## AIM OF THE EXERCISE:
Output, verbatim and without pictures, the lines from the first line of the listing through the line containing "Long earrings with".

┄┄┄┄┄┄

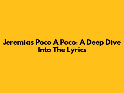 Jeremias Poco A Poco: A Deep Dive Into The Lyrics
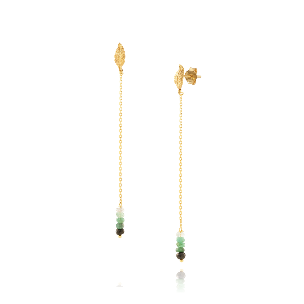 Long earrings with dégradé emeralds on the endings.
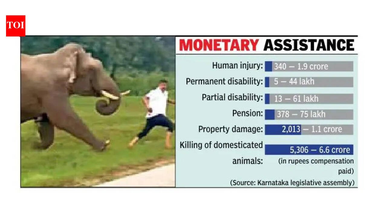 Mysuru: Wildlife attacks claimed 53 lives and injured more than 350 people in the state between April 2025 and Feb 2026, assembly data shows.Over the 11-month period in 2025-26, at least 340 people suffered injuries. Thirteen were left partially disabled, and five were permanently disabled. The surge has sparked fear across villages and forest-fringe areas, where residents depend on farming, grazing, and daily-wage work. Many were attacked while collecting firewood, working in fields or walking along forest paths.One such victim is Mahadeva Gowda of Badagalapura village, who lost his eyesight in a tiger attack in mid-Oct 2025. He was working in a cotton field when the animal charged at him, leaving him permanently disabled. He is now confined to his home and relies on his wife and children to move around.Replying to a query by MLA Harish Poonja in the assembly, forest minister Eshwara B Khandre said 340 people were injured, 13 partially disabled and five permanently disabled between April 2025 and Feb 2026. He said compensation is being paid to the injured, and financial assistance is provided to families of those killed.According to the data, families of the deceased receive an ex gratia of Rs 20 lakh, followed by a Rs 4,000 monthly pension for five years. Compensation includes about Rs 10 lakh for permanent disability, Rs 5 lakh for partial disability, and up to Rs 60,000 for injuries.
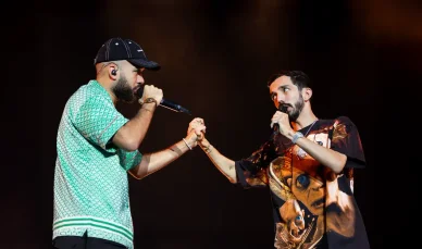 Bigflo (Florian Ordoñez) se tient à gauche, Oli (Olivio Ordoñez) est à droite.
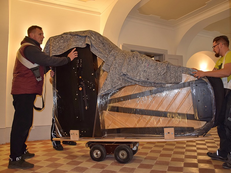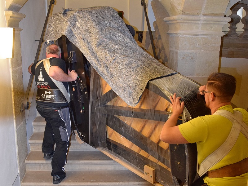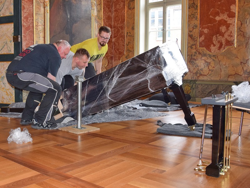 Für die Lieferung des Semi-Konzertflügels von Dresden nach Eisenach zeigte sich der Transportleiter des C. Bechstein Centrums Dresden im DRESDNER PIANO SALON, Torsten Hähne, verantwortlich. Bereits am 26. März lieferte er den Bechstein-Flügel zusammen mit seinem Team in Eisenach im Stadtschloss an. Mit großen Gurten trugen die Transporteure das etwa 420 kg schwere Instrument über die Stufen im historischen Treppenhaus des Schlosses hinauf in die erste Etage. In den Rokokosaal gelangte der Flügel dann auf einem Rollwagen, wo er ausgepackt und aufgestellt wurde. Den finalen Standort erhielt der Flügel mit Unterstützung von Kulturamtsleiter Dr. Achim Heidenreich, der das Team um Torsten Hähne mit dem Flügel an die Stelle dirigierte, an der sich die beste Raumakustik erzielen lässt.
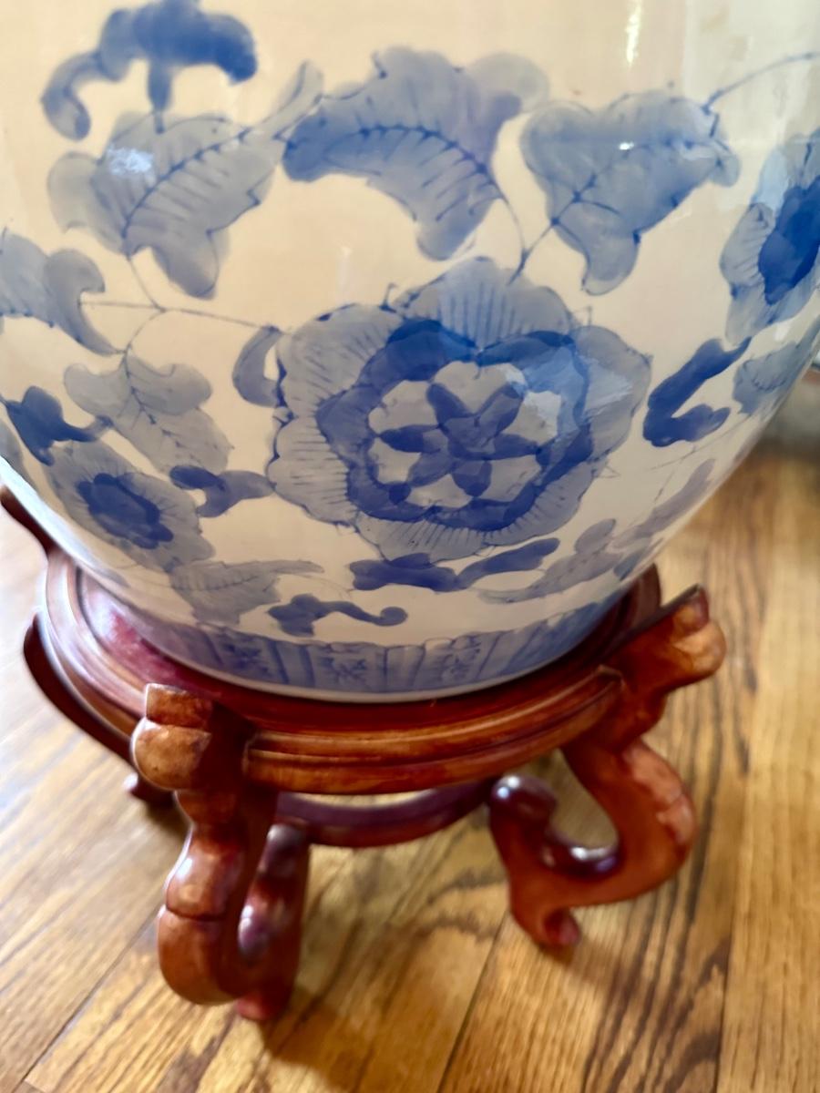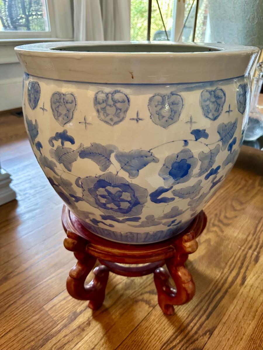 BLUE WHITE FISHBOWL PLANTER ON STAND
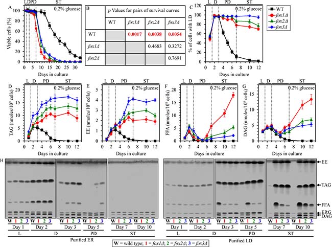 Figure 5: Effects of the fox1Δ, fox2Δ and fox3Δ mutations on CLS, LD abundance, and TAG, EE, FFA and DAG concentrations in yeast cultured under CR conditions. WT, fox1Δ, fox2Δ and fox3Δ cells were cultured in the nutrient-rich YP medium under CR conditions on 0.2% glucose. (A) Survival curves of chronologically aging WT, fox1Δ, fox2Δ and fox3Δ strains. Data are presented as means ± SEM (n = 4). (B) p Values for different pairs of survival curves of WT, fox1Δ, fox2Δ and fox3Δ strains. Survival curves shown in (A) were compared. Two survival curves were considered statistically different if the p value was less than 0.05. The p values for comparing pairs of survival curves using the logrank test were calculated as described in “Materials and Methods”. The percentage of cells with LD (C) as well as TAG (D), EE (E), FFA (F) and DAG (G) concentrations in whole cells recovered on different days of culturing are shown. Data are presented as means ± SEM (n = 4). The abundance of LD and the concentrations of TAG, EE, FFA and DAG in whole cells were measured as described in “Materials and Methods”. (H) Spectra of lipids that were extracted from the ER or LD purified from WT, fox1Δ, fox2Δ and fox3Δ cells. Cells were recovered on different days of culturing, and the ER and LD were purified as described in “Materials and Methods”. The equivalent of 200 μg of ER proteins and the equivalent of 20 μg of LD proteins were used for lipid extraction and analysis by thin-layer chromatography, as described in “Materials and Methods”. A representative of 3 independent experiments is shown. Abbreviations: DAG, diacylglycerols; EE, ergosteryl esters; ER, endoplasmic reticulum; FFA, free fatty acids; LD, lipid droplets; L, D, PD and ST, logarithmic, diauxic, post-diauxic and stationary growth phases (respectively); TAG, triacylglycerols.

┄┄┄┄┄┄

## RESULT:
 Jeremias Poco A Poco: A Deep Dive Into The Lyrics
 Long earrings with dégradé emeralds on the endings.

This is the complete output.